Cowbirds eye egg size for nest selection

The brown-headed cowbird (Molothrus ater) may not build nests or raise young, but it does seem to take steps to help its offspring’s survival. When it lays eggs in the nests of larger species, new research from Illinois suggests, it chooses nests with eggs that are smaller than usual for the host species, which may help the young cowbirds compete for resources with the foster mother’s hatchlings.

“The results suggest cowbirds are not indiscriminate layers,” said Loren Merrill, first author on the study published in Oecologia. “They appear to exhibit a high degree of choosiness.”

From 2011 to 2015, Merrill, a postdoctoral researcher at the Illinois Natural History Survey, and his colleagues searched 16 shrubland sites throughout the state. They found more than 3,000 nests where the parasitic cowbird could have left its eggs after the foster female laid its own eggs. The biologists measured the size of cowbird and host eggs in over 500 nests they located.

Among foster species bigger than the cowbird, the researchers observed that nests containing smaller-than-average host eggs were more likely to be parasitized by cowbirds. Female cowbirds could be selecting nests where their eggs and chicks face less competition, Merrill said. If a cowbird’s eggs aren’t much smaller than the host’s, the cowbird eggs have a higher chance of successful incubation, he said, and its chicks are more likely to obtain enough food and space for survival.

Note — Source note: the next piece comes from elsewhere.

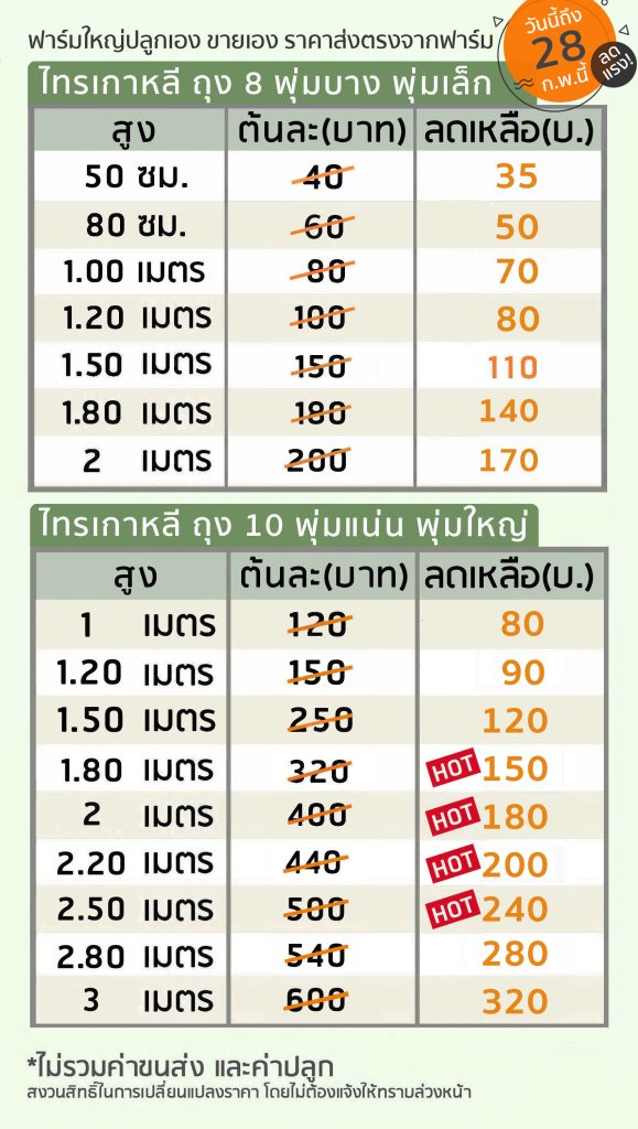 ถุง 10 และ ถุง 8 คือสเปคของต้นไม้ นอกจากความสูงแล้ว ขนาดของถุงก็มีความสำคัญ เพราะขนาดถุงของต้นไทรเกาหลีมีผลโดยตรงกับขนาดต้น ความแข็งแรง และระยะเวลาที่ใช้จนแน่นเป็นแนวรั้ว

“No one, to our knowledge, had documented this level of apparent discrimination for wild cowbirds selecting among hosts to parasitize,” Merrill said.

Cowbirds deposit eggs in the nests of over 200 other species, some of which are bigger ones such as redwing blackbirds (Agelaius phoeniceus) and northern cardinals (Cardinalis cardinalis), he said. Another larger species, the wood thrush (Hylocichla mustelina), has suffered a severe decline over the past couple of decades partly because of cowbird parasitism. So findings that give further insight into how female cowbirds decide which nests to put their eggs in could inform the management of at-risk birds, Merrill said.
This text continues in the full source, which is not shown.